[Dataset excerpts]

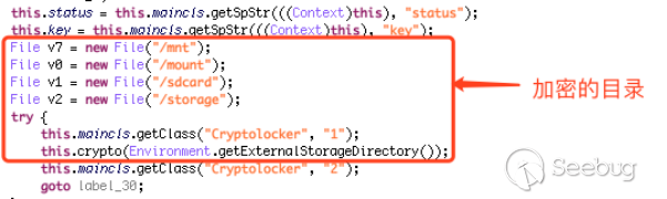 不同于常見的只是簡單禁止受害者訪問手機界面的鎖定屏幕的勒索軟件,Anubis對受害用戶的文件進行了加密,加密的目錄包括“/mnt”、“/mount”、“/sdcard”、“/storage”以及用戶的內在存儲卡目錄,見圖9。
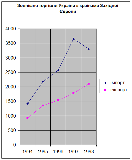Західна Європа є одним з головних торговельних партнерів України, Експорт до ЄС становив 1998 р. понад $3,3 млрд., імпорт - $2,1 млрд. Цей показник спіівмірний з підсумками зовнішньоторговельних операцій України з країнами СНД. Але якщо негатив в обмінах із СНД обумовлений імпортом енергоносіїв, то європейський негатив є результатом недоліків нашої зовнішньоторговельної політики в цілому, а конкретно - пасивністю експортного сектора, його неготовністю працювати за конкретних умов, перевантаженістю експорту бартерними операціями, неадекватним менеджментом.
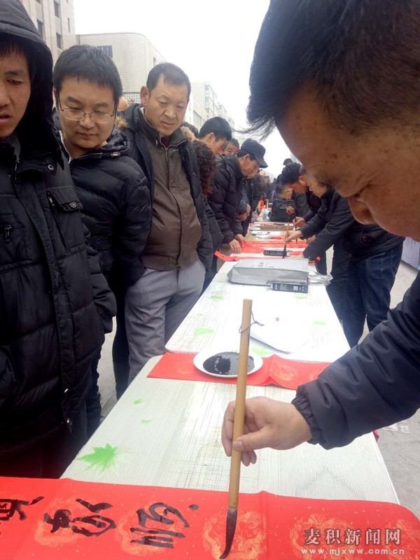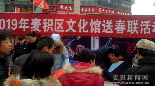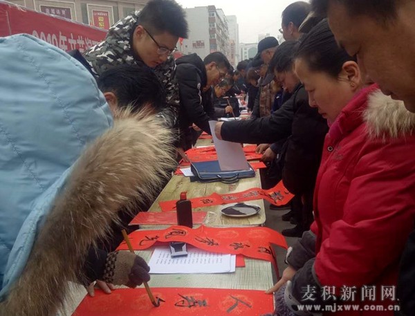 此次活動為麥積區(qū)2019年春節(jié)系列文化活動之一,當(dāng)天共為群眾免費書寫春聯(lián)800多幅。
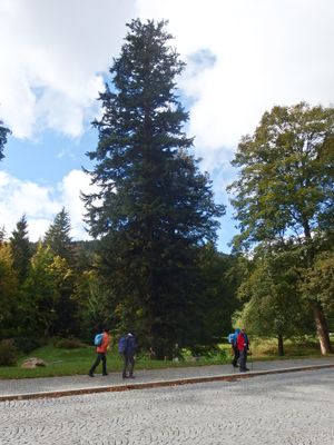 Jedle v lázeňském parku nad Pitným pavilonem, memorable tree in Bruntál District, Czech Republic
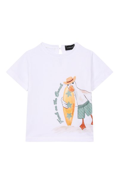Футболку с пуговицей сзади и принтом спереди выполнили из джерси, изготовленного из органического хлопка, сертифицированного GOTS. В комплект включили плавки-шорты с регулируемым эластичным поясом.
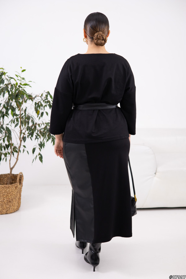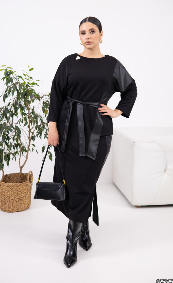 Костюм Двонитка+екошкіра колір: Чорний Спідниця має пояс на резинці.Брошка в комплекті.Тканина має гарну розтяжність, приблизно +6 см до вимірів.
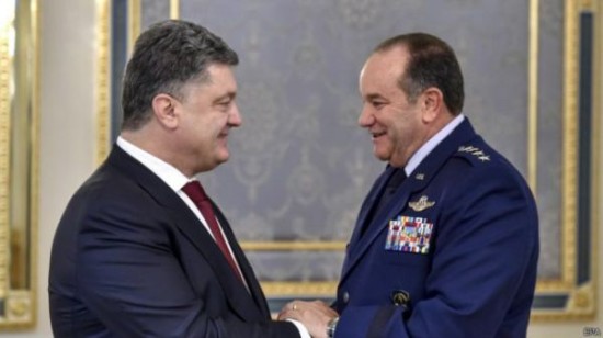 正在访问乌克兰的布里德拉夫将军(右)警告俄国可能控制黑海。
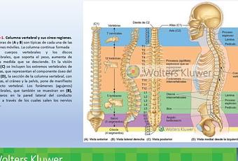 Columna vertebral y sus cinco regiones. Las vértebras de (A y B) son típicas de cada una de las tres regiones móviles. La columna continua formada
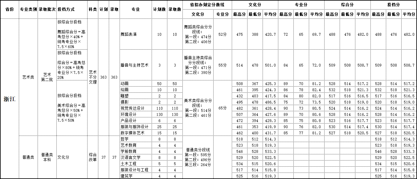 2019年 浙江录取情况
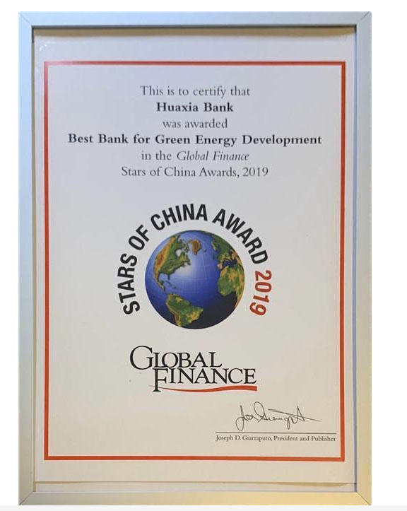 11月11日,在美國《環(huán)球金融》雜志2019年“中國之星”頒獎儀式上,華夏銀行憑借綠色金融支持清潔能源發(fā)展的突出表現(xiàn),再次獲得了“最佳綠色能源開發(fā)銀行獎”。
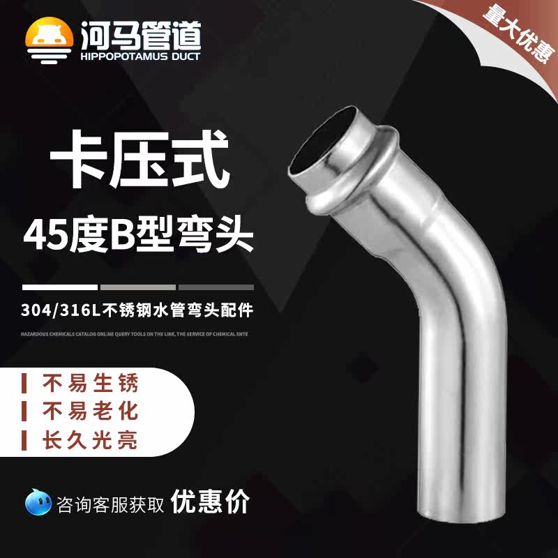 304 stainless steel 45-degree B-type elbow card pressure sanitary grade 4 points 6 points household engineering tap water pipe fittings
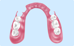 部分入れ歯を固定するためのバネ(クラスプ)に、白い素材を使用した入れ歯です。歯に近い色なので、金属製のバネに比べると目立ちません。

▶ **What is expected**: Once the images are removed, print the remaining data exactly as it appears above.

▶ **Answer to the exercise**:
 不同于常見的只是簡單禁止受害者訪問手機界面的鎖定屏幕的勒索軟件,Anubis對受害用戶的文件進行了加密,加密的目錄包括“/mnt”、“/mount”、“/sdcard”、“/storage”以及用戶的內在存儲卡目錄,見圖9。
Західна Європа є одним з головних торговельних партнерів України, Експорт до ЄС становив 1998 р. понад $3,3 млрд., імпорт - $2,1 млрд. Цей показник спіівмірний з підсумками зовнішньоторговельних операцій України з країнами СНД. Але якщо негатив в обмінах із СНД обумовлений імпортом енергоносіїв, то європейський негатив є результатом недоліків нашої зовнішньоторговельної політики в цілому, а конкретно - пасивністю експортного сектора, його неготовністю працювати за конкретних умов, перевантаженістю експорту бартерними операціями, неадекватним менеджментом.
 此次活動為麥積區(qū)2019年春節(jié)系列文化活動之一,當(dāng)天共為群眾免費書寫春聯(lián)800多幅。
 Jedle v lázeňském parku nad Pitným pavilonem, memorable tree in Bruntál District, Czech Republic
Футболку с пуговицей сзади и принтом спереди выполнили из джерси, изготовленного из органического хлопка, сертифицированного GOTS. В комплект включили плавки-шорты с регулируемым эластичным поясом.
 Костюм Двонитка+екошкіра колір: Чорний Спідниця має пояс на резинці.Брошка в комплекті.Тканина має гарну розтяжність, приблизно +6 см до вимірів.
 正在访问乌克兰的布里德拉夫将军(右)警告俄国可能控制黑海。
 Columna vertebral y sus cinco regiones. Las vértebras de (A y B) son típicas de cada una de las tres regiones móviles. La columna continua formada
 2019年 浙江录取情况
 11月11日,在美國《環(huán)球金融》雜志2019年“中國之星”頒獎儀式上,華夏銀行憑借綠色金融支持清潔能源發(fā)展的突出表現(xiàn),再次獲得了“最佳綠色能源開發(fā)銀行獎”。
 304 stainless steel 45-degree B-type elbow card pressure sanitary grade 4 points 6 points household engineering tap water pipe fittings
 部分入れ歯を固定するためのバネ(クラスプ)に、白い素材を使用した入れ歯です。歯に近い色なので、金属製のバネに比べると目立ちません。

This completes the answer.